The U.S. cotton fabrics would clearly be advanced in value
by the processes which you have described, and, therefore, the
country of origin of these surgical towels would be Jamaica.
The surgical towels would be properly classified in
subheading 6307.90.8710, HTSUSA, which provides for other made up
articles, other, other, surgical towels. The rate of duty
applicable to the surgical towels is 7% ad valorem. It should be
noted that this provision is not an eligible provision under the
Generalized System of Preferences (GSP) or the Caribbean Basin
Initiative (CBI). The textile category designation for these
articles is 369. Due to the changeable nature of quota
agreements, you are advised to contact your local Customs office
prior to any attempt to import, to determine the current status
of any textile agreements with Jamaica. Import restraints are
imposed by the U.S. Customs Serice under directives of CITA, U.S.

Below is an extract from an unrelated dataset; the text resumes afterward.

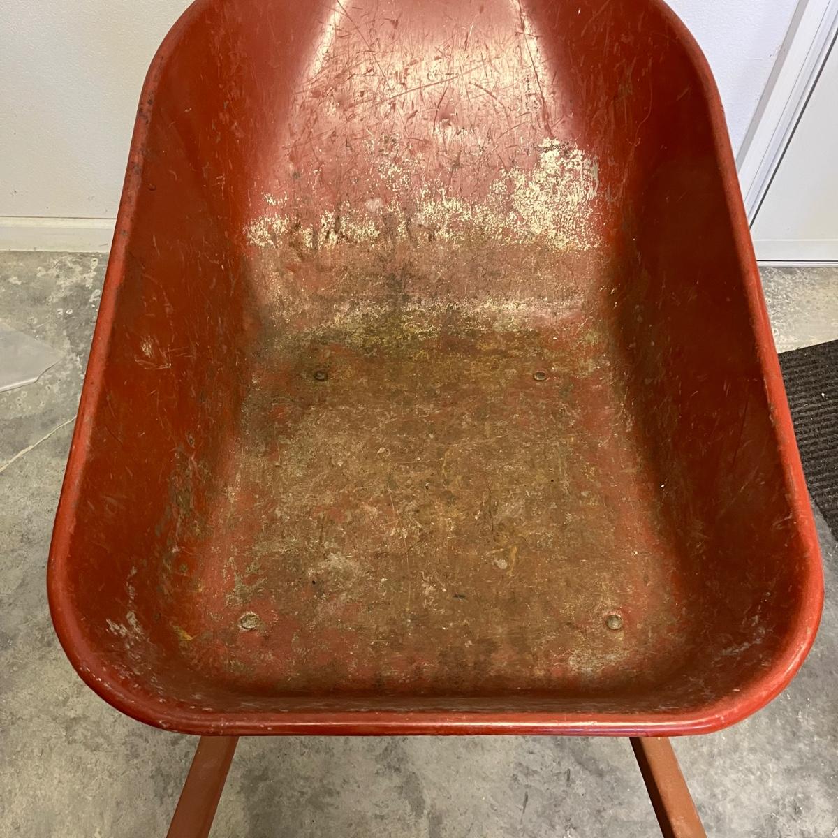 This metal bodied 6 cu. Ft wheelbarrow has wooden handles and a pneumatic tire that is flat. Some to be expected surface scratches on the inside, see image.
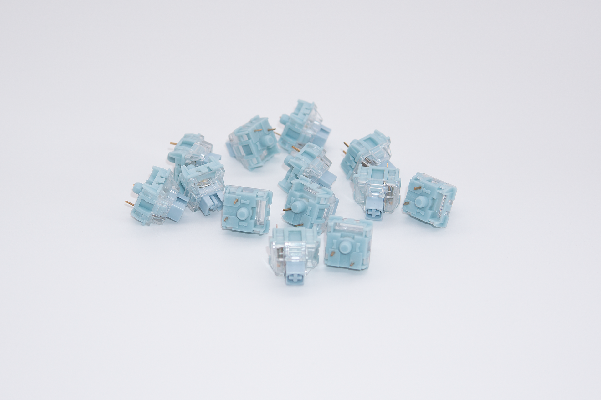 Produced by TTC, bluish whites are a lovely shade of blue, and offer a mild tactile bump about 0.5mm into travel. This combined with the muted bottom out and low spring weight make for a very unique tactile experience.

Department of Commerce, Washington, D.C. 20230. Further advice
or information pertaining to those agreements may be obtained
from the chairman of that Committee.
HOLDING:
Processes 1,2 and 3 which you describe do not result in the
substantial transformation of the fabric imported into Jamaica
from non-U.S. sources, and, therefore, these surgical towels
would not be considered products of Jamaica. However, surgical
towels processed, as described, from U.S. origin fabric are
considered products of Jamaica pursuant to 19 CFR 12.130(c).